Book: New Guinea Skies by Wayne P. Rothgeb


A fighter pilot's memoirs of the second world war

Wayne P. Rothgeb
New Guinea Skies: A Fighter Pilot's View of World War II
Iowa State University Press, 1992
ISBN: 0-8138-0836-7
261 pages
$39.99

Wayne P. Rothgeb was born in 1920 and grew up as a farm boy in Indiana. Like many boys of his generation, he was inspired by Charles Lindbergh's solo flight across the Atlantic in 1927 and dreamed of becoming a pilot. At the age of 16, he got his first airplane ride. It was a birthday present, cost $2, and lasted around 15 minutes. He decided then that he was going to join the Army Air Corps. He worked his way through the necessary two years of college at Purdue University and in July of 1941 was accepted as an aviation cadet and learned that he'd be called up in December. On December 8, the United States entered the second world war.

In the book, we follow Mr Rothgeb through the various stages of his flight training and then his deployment to New Guinea.

The fighter pilots stationed in New Guinea had the job of flying above allied bombers and cargo planes to intercept the Japanese Zeros that would try to bring them down. It was widely supposed that the Japanese wanted to take New Guinea and use it as a stepping-stone to an invasion of Australia. Mr Rothgeb and his colleagues were there to prevent that.

The narrative doesn't move quickly. Getting Mr Rothgeb to New Guinea takes around half of the book. And, almost as soon as he arrives there, he leaves again to go to Australia to learn to fly new P-38 Lightning that was replacing the older P-39 Airacobras. Soon after he returns to New Guinea and begins flying the Lightning, he crashes after takeoff and spends two months recovering before returning to flying. He doesn't actually attack a Japanese plane until page 194.

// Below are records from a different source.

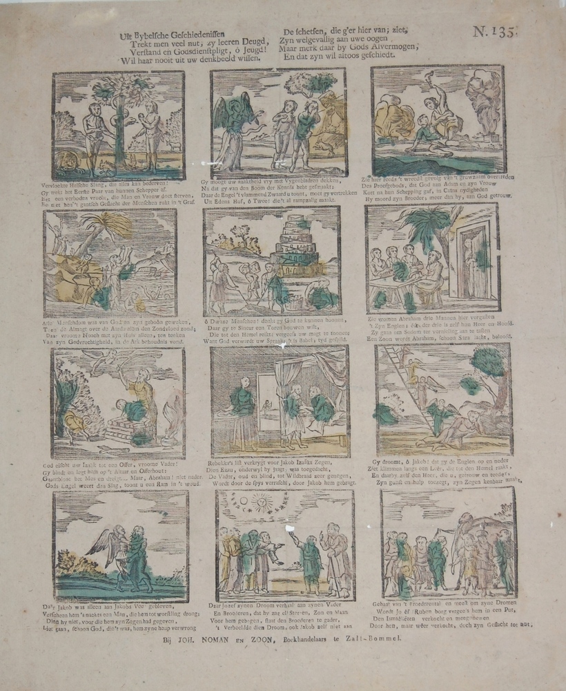 Centsprent met twaalf afbeeldingen in kleur over epi...
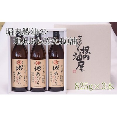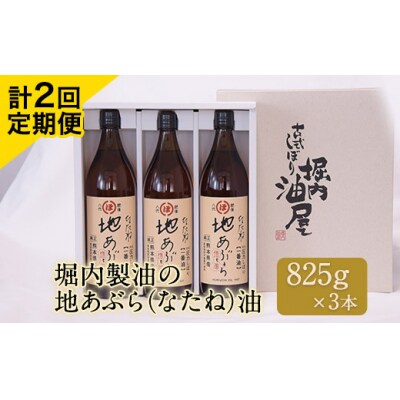 「堀内製油」の地あぶら(なたね油)825g×3本【定期便】計2回お届け
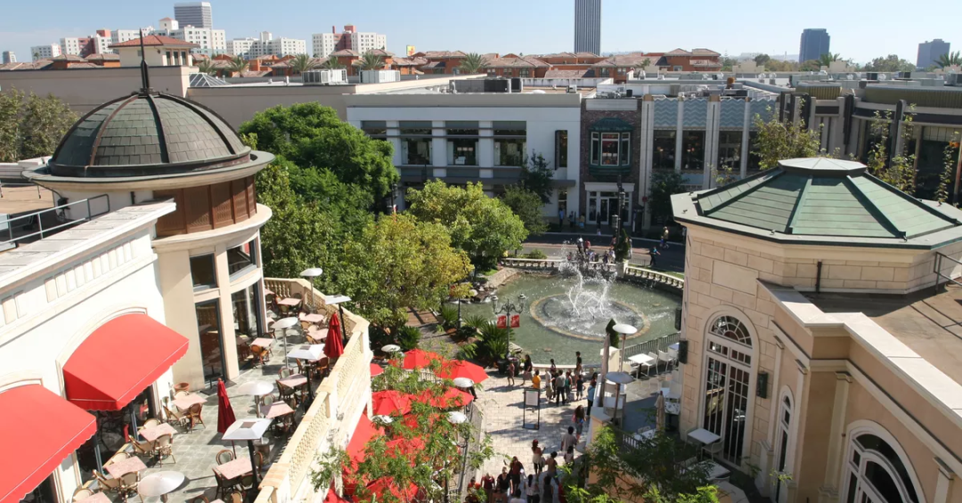 在美国加利福尼亚州洛杉矶市著名的 The Grove 购物街区,外摆已经是临街餐厅的常规操作。消费者可以在就餐的同时享受加州的阳光,欣赏购物街区内精致的花园场景。
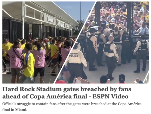 지난 15일 오전 9시 미국 마이애미의 하드록 스타디움에서 시작될 예정이었던 코파 아메리카 결승전은 관중 소요로 인해 1시간 정도 지연됐다. 입장권을 소지하지 않은 사람들이 경기장 곳곳에서 경기장 내부로 진입을 시도하다가 현장에 있던 경찰 및 보안요원과 충돌했다. 경찰은 출입구를 폐쇄해 최대한 입장권이 없는 관중의 입장을 제재하려 시도했으나 일부 출입문 근처 난간이 부서져 무자격 관중이 그대로 잠입하는 경우도 있었다. 경기 도중에서 관중석에서 불시로 입장권 검사를 진행해 입장권이 없는 사람들을 내보내는 일도 벌어졌다.
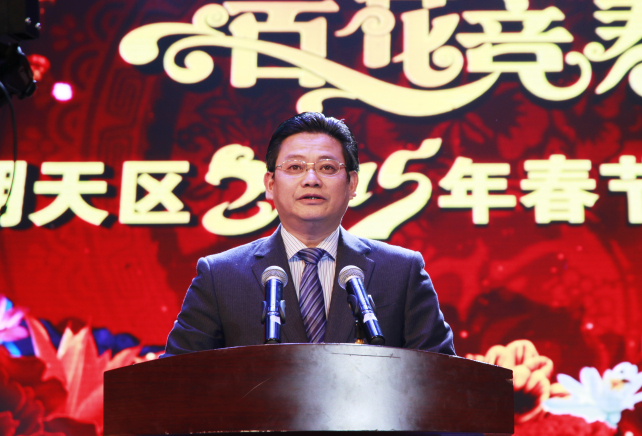 “金马奋蹄载誉归,玉羊启泰迎春至。”蔡邦银在致辞中首先代表中共广元市朝天区委、区人大、区政府、区政协,向全区广大工人、农民、知识分子和各级干部,向老红军、老干部、驻朝天部队指战员、公安干警和民兵预备役人员、烈军属,向各民主党派、工商联、人民团体和各界人士,向一直以来关心、支持朝天发展的社会各界朋友,致以新春的问候和美好的祝愿。蔡邦银指出,过去的2014年,是朝天成功应对严峻考验、追赶跨越成效显著的一年。一年来,在市委、市政府的坚强领导下,区委、区政府团结带领全区干部群众,围绕“加快振兴发展、推进全面小康、建设美丽朝天”主题,突出“稳增势、促改革、提质效”工作基调,大力弘扬“自强不息、团结拼搏、不甘落后、勇争一流”的新时期朝天精神,克服诸多的困难和挑战,奋力推动经济社会又好又快发展,全区呈现出发展提速增效、改革不断深化、民生持续改善、作风明显转变、干群团结奋进、社会和谐稳定的良好局面。

Nothing that Mr Rothgeb does in the book is especially remarkable or conspicuously heroic. But the book isn't really less interesting for that. Or, to put it another way, all the stories like his are remarkable and heroic.

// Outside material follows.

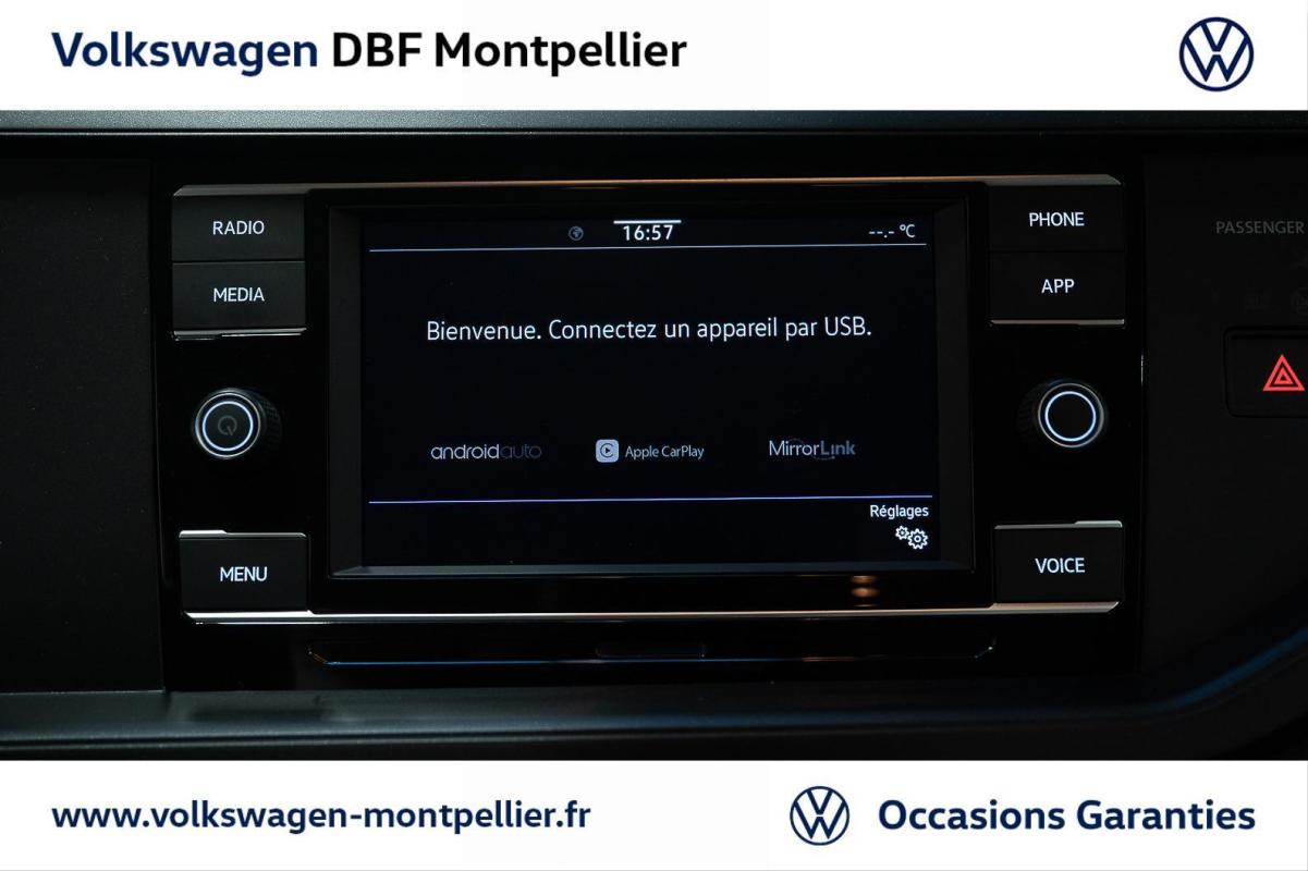1.0 TSI 95 S&S BVM5, essence, bleu, 10/08/2023, 2 interfaces USB-C à l'AV, Airbags latéraux AV et airbag central, Airbags rideaux AV/AR, Alerte de perte de pression des pneus, Antenne AR de pavillon, Anti-démarrage électronique, Cache-bagages, Capteur de pluie avec essuie glace automatique, Ciel de pavillon couleur céramique, Climatisation manuelle "Climatic", Câble adaptateur USB-C vers USB-A, Direction assistée, Disques de frein à l'AV et freins à tambour à l'AR, Dossier AR non divisé et rabattable, Déflecteur de toit intégré, E-call: Appel d'urgence, Eclairage du coffre à bagages, Feux AR de brouillard, Filtre à charbon actif avec aspiration d?air frais, Grille de calandre avec baguette chromée, Interface Bluetooth pour téléphone portable, Lampes de lecture AV/AR, Lève-vitres électrique AV et AR, Pare chocs peints dans la couleur de carrosserie, Park Pilot - Aide au stationnement AV et AR, Porte-boissons : 2 à l'AV, Prise 12V AV, Projecteurs à LED et feux de jour à LED Eco, Préparation pour "We Connect" et "We Connect Plus", Réception de radio numérique DAB+, Régulateur de vitesse y compris limiteur de vitesse, Rétroviseur extérieur asphérique côté conducteur, Rétroviseur intérieur à réglage jour/nuit automatique, Rétroviseurs extérieurs rabattables électriquement, Sellerie en tissu "Polo", Siège conducteur AV réglable en hauteur, Système de récupération de l'énergie en décélération, Témoin d'alerte pour niveau de liquide lave-glace, Vitres athermiques teintées vertes, Airbags frontaux AV conducteur et passager, Applications décoratives "Licorice Black" sur le tableau de bord, Appuis-tête sur la banquette AR, Bacs de rangement dans toutes les portes, à l?AV avec porte-boisson, Boitiers de rétroviseurs extérieurs et poignées de porte dans la teinte du véhicule, Ceintures de sécurité AV 3 points à enrouleur avec prétensionneur, Digital Cockpit : combiné d?instruments entièrement digital de 8 pouces, Essuie-glaces AV/AR avec commande d'intermittence et lave-glace, Fatigue Détection : système de détection de fatigue du conducteur, Kit de dépannage en cas de crevaison incluant compresseur 12 V et produit colmatant, Lane Assist - Assistant au maintien dans la voie avec correction de trajectoire, Miroirs de courtoisie éclairés dans les pare-soleil pour conducteur et passager, Plafonnier à temporisation à l'AV avec contacteur de portière, Radio "Composition" avec écran couleur tactile 6, 5" et 4 HP, Rétroviseurs extérieurs réglables électriquement et dégivrants, Système "Start-Stop" de coupure-redémarrage du moteur à l?arrêt, Tableau de bord avec revêtement moussé en partie supérieure, Témoins de contrôle et indicateur d'intervalle de révision, Verrouillage centralisé à distance, 2 clés pliantes de radiocommande fournies, Volant multifonctions réglable en hauteur et en profondeur, Allumage automatique des projecteurs avec feux de jour à LED et fonction "Coming/Leaving Home", Avertisseur sonore et lumineux de non-extinction des phares et de non bouclage des ceintures de sécurité à l'AV et à l'AR, Front Assist : système de surveillance périmétrique avec fonction de freinage d?urgence en ville et détection des piétons et cyclistes, Jantes en acier 5, 5 J x 15" avec enjoliveurs intégraux, pneumatiques 185/65 R15 à résistance au roulement optimisée, sans écrous antivol, 4 jantes en acier 5, 5J x 15 avec enjoliveurs intégraux, pneumatiques 185/65 R15 à résistance au roulement optimisée, sans écrous antivol, Système de freinage anti multicollision : ce dispositif freine automatiquement le véhicule après un premier choc afin de limiter le risque de multicollision, OEillets d?arrimage ISOFIX, App-Connect filaire affichage et contrôle via l?écran tactile du véhicule, du contenu, des fonctions et des applications compatibles présents sur le Smartphone (compatibilité avec les systèmes Apple CarPlay et Android Auto, Correcteur électronique de trajectoire ESP avec amplificateur de freinage d?urgence, système d?antiblocage des roues ABS, antipatinage électronique ASR, blocage électronique de différentiel EDS, régulateur électronique de couple d?inertie MSR, aide au démarrage en côte ?Hill-Hold?, Peinture métallisée Bleu Récif, Extension de garantie 3 ans ou 60000 kms, Roue de secours acier avec pneus normal 15", outillage de bord et cric

In the book, Mr Rothgeb and his colleagues come across as being the sort of people that Americans often aspire to be: they're generous, friendly, and brave, and they recognize that it's important for them to be helping out, even far from their homes. On a tiny Pacific island, an American soldier hears that Mr Rothgeb is from Indiana and says to him, "Why, I'm from Pennsylvania. We're neighbors."

There are a few minor editing errors: the name of the Norden bomb-sight is misspelled (p. 70), there's "pilots'" for "pilot's" (p. 230), "pealed" for "peeled" (p 243), and Pittsburgh is misspelled (p 254).